Other Armenian media, too, reported suspected widespread vote-buying and decried as lacking credibility pledges by senior officials — such as police chief Vladimir Gasparian — to combat such abuses.
The HHK was, however, not the only party that sought to win over voters by offering material incentives.
Bargavach Hayastan, which is headed by wealthy businessman Gagik Tsarukian, also promised such benefits, for which the party received a formal reprimand in early March from the Central Election Commission.
The newspaper Hraparak described how “desperately poor” people “besieged” Tsarukian at his meetings with voters to beg for financial assistance. (The party placed second, with 31 parliament mandates.)
The initial assessment of the election by the international observer mission said that “some government officials indicated that vote-buying had become an entrenched part of political culture, stating that accepting money or other benefits in exchange for votes was often justified by extreme poverty and lack of economic opportunities.”
In the wake of the vote, HHK spokesman Eduard Sharmazanov implicitly admitted that vote-buying had taken place, while insisting that it did not have “a substantial impact” on the outcome of the ballot. That latter assertion is open to question, however. The opposition bloc Yelk (Way Out), which placed third with nine parliament mandates, claimed in an April 4 statement that “tens of thousands of citizens were involved in the chain of vote-bribe distribution and acceptance.”

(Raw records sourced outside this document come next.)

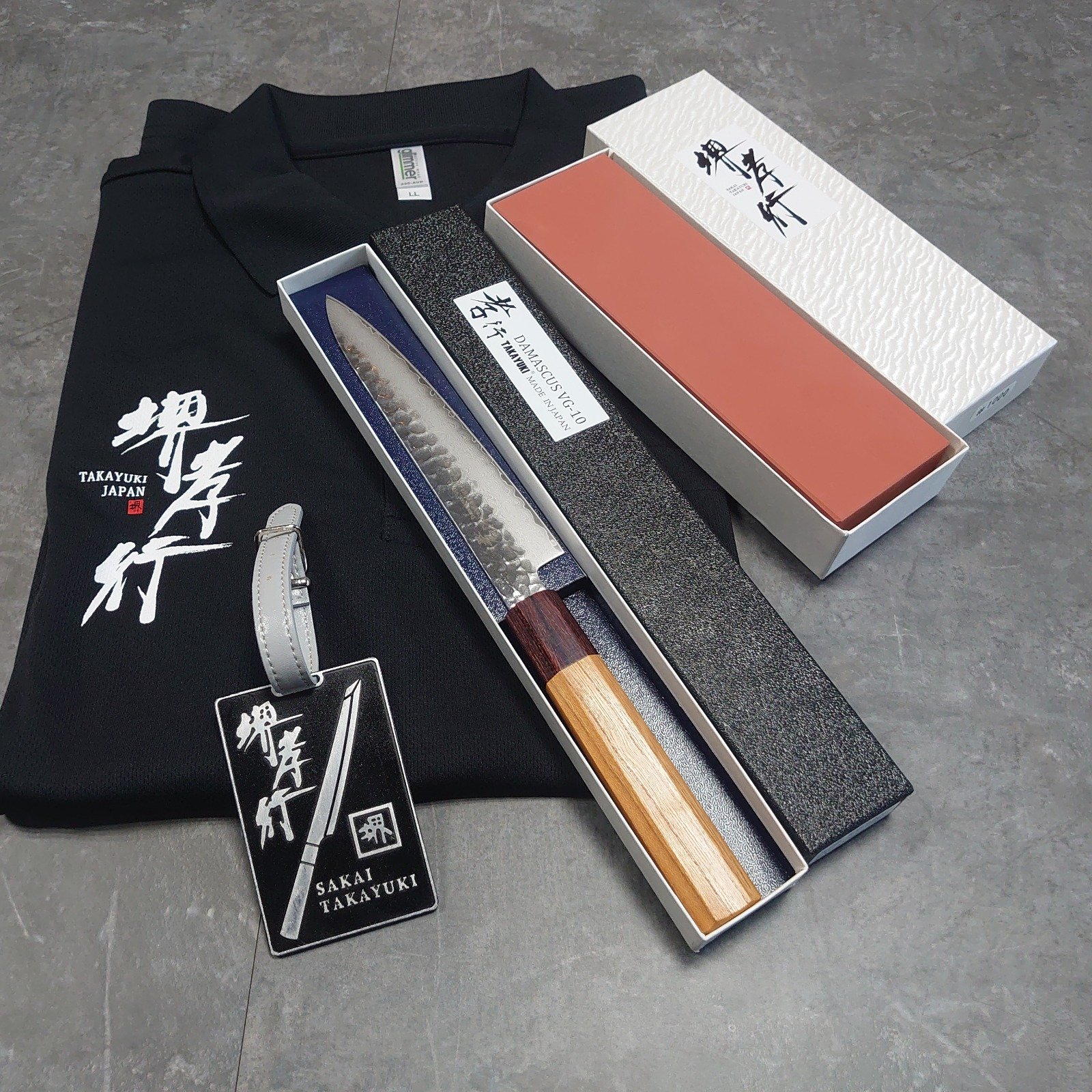 Receive exclusive Sakai Takayuki merchandise such as the Bag Tag with a knife purchase that includes FREE engraving, or grab the Bag Tag, T-shirt, and FREE Knife engraving when you spend a minimum of $400. While stocks last!
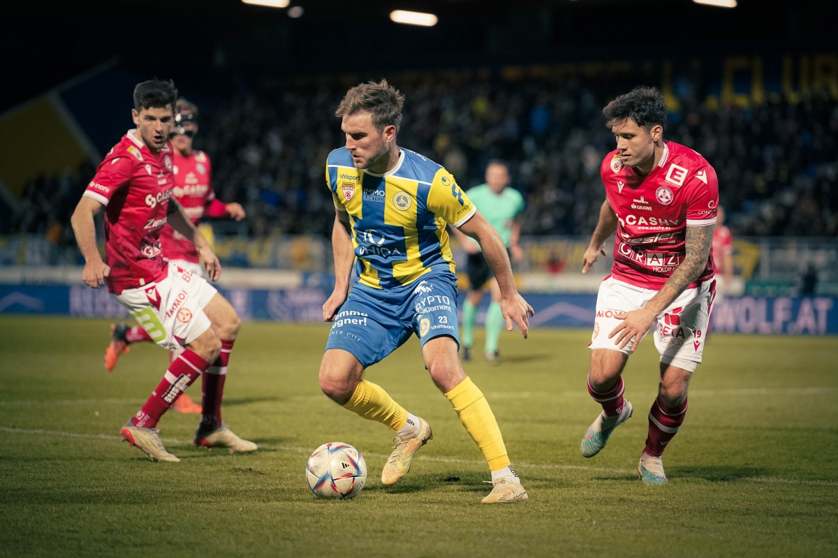 Der GAK startete ambitioniert in das Spiel. Nach Chancen durch Liendl und Jastremski war es Lang der für die frühe Führung für die Grazer sorgte. Der aufrückende Verteidiger spielte nach seinem entschlossenen Vorstoß auf die rechte Seite zu Viunnyk, der mit einem Seitenwechsel auf Liendl das Spiel verlagerte. Lang ging mit in den Strafraum, Liendls Flanke kam exakt, Lang vollendete den Angriff per Kopf zur 1:0-Führung für die Steirer.
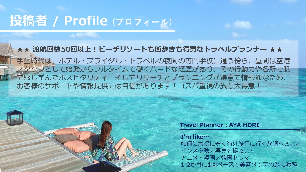 トラベルプランナーの「堀 杏耶」です。
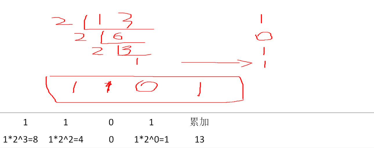 累加 1x2^3=8 1x2^2=4 0x2^1=0 1x2^0=1 13
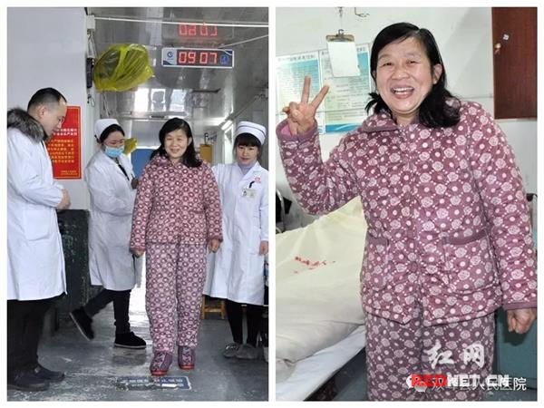术后第三天下床走路了,曹女士很高兴。
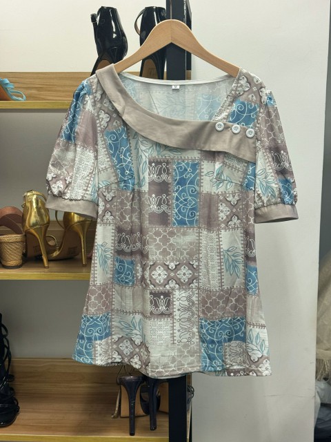 Light Camel Tummy Coverage Tribal Print T Shirt
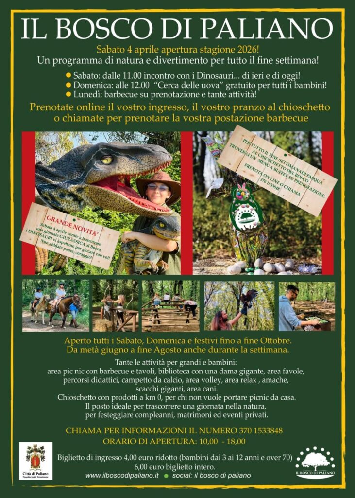 Dal 4 al 6 aprile 2026, in occasione delle festività di Pasqua, il Bosco di Paliano riapre al pubblico le sue porte, inaugurando la stagione 2026 con un calendario ricco di iniziative.
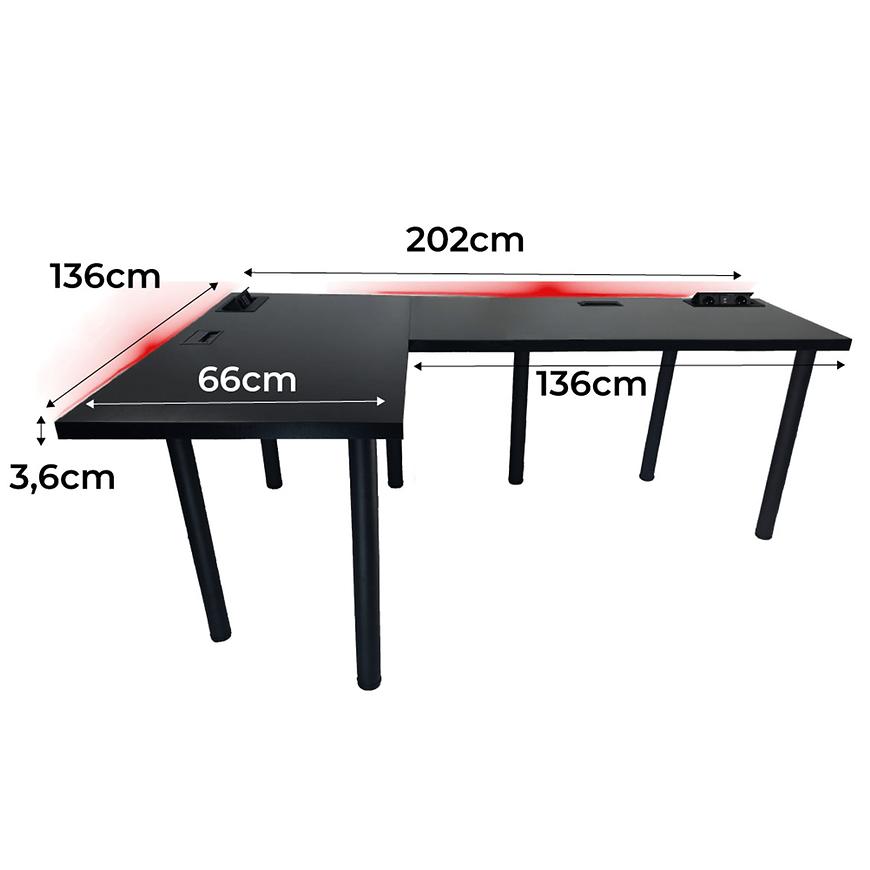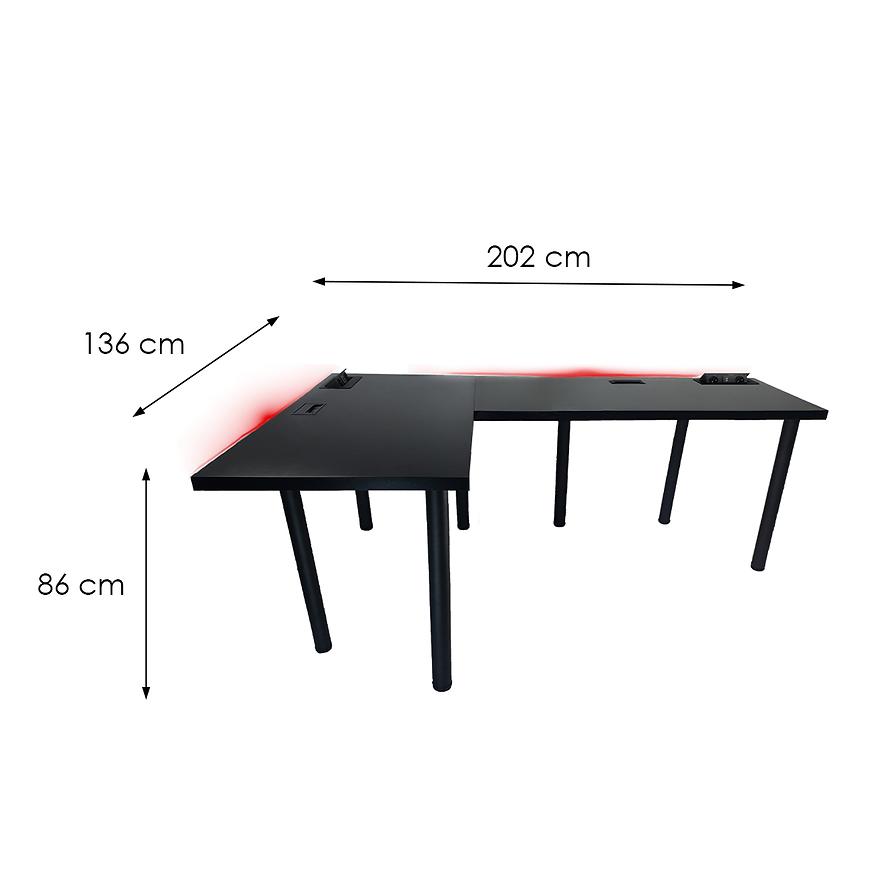 Biurko Gamingowe Narożne Top Czarne 202x136x3.6 Model 3

The HHK polled enough votes to give it the 54 percent of parliament mandates that constitutes a stable majority (58 of 105) and thus obviates the need to form a new coalition. In 2012 and 2007, the HHK garnered 69 and 64, respectively, of the 131 parliament mandates.
Even if the HHK victory was not the direct result of malpractice, this election represented a shift in the prevalent pattern of procedural violations that had led international observer missions to characterize the parliamentary ballots in 1999 and 2003 as falling short of Armenia’s OSCE commitments and of other standards for democratic elections.

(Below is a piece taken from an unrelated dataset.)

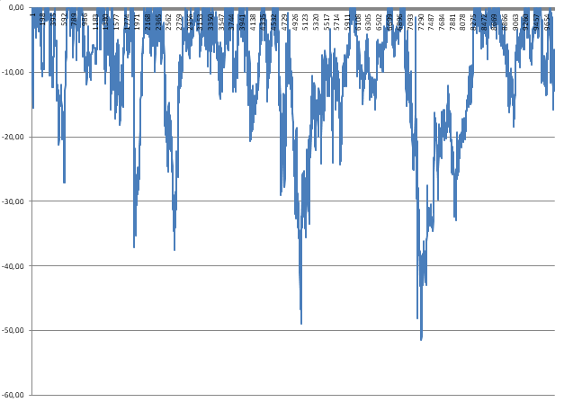 Creo que cuando vemos unos cuantos datos, vamos a terminar concluyendo que se lo ha podido permitir, pero no se puede decir que BRK haya tenido DDs bajos: dos veces, del treinta y muchos por ciento, y otras dos de casi el 50 y algo más del 50%, concretamente, su
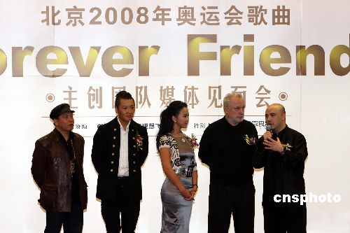 十一月二十九日晚,北京奧運會歌曲《Forever Friends》音樂電視拍攝順利收工。該歌曲由意大利作曲家喬吉奧.莫洛德爾領銜作曲,德國詞作家邁克爾.昆茨作詞,中國音樂家孔祥東擔綱制作,李汶、孫楠演唱。中新社發(fā) 任海霞 攝

In previous ballots, the most frequent and egregious violations registered by international observers took place during the actual vote (multiple, proxy, or absentee voting) or the vote count and tabulation. In 2012, for example, there were major glitches in the use of the ink used to mark voters’ fingers in an attempt to preclude multiple voting, which faded shortly after application. And observers assessed the vote count as “bad” or “very bad” in almost 20 percent of the polling stations where they were present (24 of 125.) The corresponding figure in 2007 had been 17 percent.

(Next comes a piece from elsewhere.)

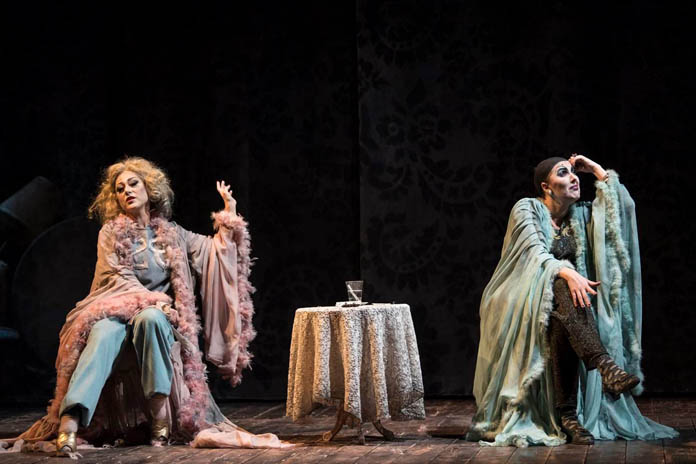 Comincia, Ragazze sole con qualche esperienza – in scena in questi giorni al Teatro San Ferdinando qui a Napoli, per l’accorta regia di Francesco Saponaro – a luci ancora accese in sala, con la voce di Grand Hotel che stenta a farsi sentire, canticchiando una canzonetta in voga negli anni ottanta, gareggiando con il chiacchiericcio del pubblico inavvertito che continua, zittito solo alla fine da qualcuno: in scena un oscuro velario permette, grazie a un lento e progressivo gioco di tenui e sapienti luci, d’intravedere, al di là di quello, un interno d’appartamento ancora indefinito nei suoi particolari ma che indovini essere un grande salotto con tanto di divano rococò, che dà su altri ambienti grazie anche a un gran varco praticabile al culmine di una breve scalinata; sul davanti, verso la platea, un prolungamento del palcoscenico, aggettante verso te che sei seduto sulla tua poltroncina rossa, ha il dichiarato scopo di rompere la quarta parete, di rendere te, proprio te, complice e partecipe dei fatti e dei misfatti: si siedono lì, prima che tutto cominci, praticamente di fronte a te, i due travestiti Bolero e Grand Hotel (rispettivamente Veronica Mazza e Lara Sansone in stato di grazia), quasi volessero farti partecipare al loro colorito e variegato ciarlare, voci dell’ancestrale ventre della città, dalle espressioni buie come il tempo ignoto che li ha un giorno generate, che il genio di Enzo Moscato sapientemente mescola a riesumazioni d’un passato più prossimo, che pure tu hai vissuto, riferimenti a volti e situazioni e persone che popolarono gli anni ottanta del secolo breve in cui fu scritto questo testo – Gabriella Farinon, Vermicino, Virna Lisi… – contaminazioni fatte del linguaggio falsopoetico da fotoromanzi che hanno sapore di profanazione e disgregazione ma che, pure, possiedono il potere inopinato e inatteso di riportarti alla mente sapori e odori che pensavi ormai smarriti, e poi, poi, espressioni che non diresti, che non penseresti mai ritrovare qui, sorprendenti come lo stupore che ti prende di fronte al manifestarsi geniale d’un idiot savant, brandelli di cultura forse raffazzonata sulle pagine della Settimana Enigmistica che di sicuro – più tardi ne avrai la prova – vien letta e consumata in quella casa, estremo sminuzzarsi d’un’erudizione disegualmente non formale e un po’ fatua.
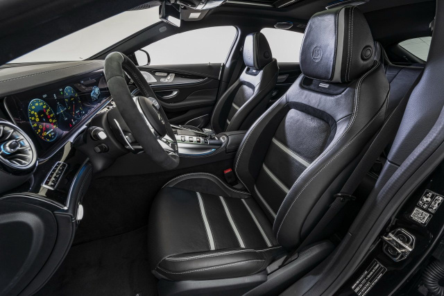 Was hat das viertürige AMG-GT-Coupé von BRABUS noch zu bieten? Aufregende Optik dank sportlich gestylter Sicht-Carbon Aerodynamik-Komponenten natürlich sowie Hightech-Schmiederäder im neuen BRABUS Monoblock Z „PLATINUM EDITION“ Zehnspeichendesign in einer ungewöhnlichen Kombination mit 21 und 22 Zoll Durchmesser für Vorder- und Hinterachse. Mit an Bord ist die BRABUS AIRMATIC SPORT-Unit. Das Modul wird in Plug-and-Play Technologie an die Luftfederung adaptiert wird und legt das viertürige Coupé in den beiden Fahrmodi „Komfort“ und „Sport“ um ca. 25 Millimeter tiefer.

Two factors may have contributed to the change in the incidence of various forms of fraud. The first is the disastrous economic situation (a World Bank report released late last year assessed the number of Armenians living below of the poverty line of $2.5 per day at almost one in four) and the eclipse of ideology as a factor motivating voters. A commentary posted on JAMnet opined that “there is an ongoing process in Armenia, where forces lacking ideology are winning over ideological ones…. People tend to vote not for words, but rather for a road to be built in a village, for doors or windows to be installed in a house, for a salary; they tend to vote depending on the affiliation of their employer to this or that party, depending on where they live.”
In other words, given only minor differences in the programs of the various parties seeking election, economic necessity may have been deciding factor determining which party people voted for.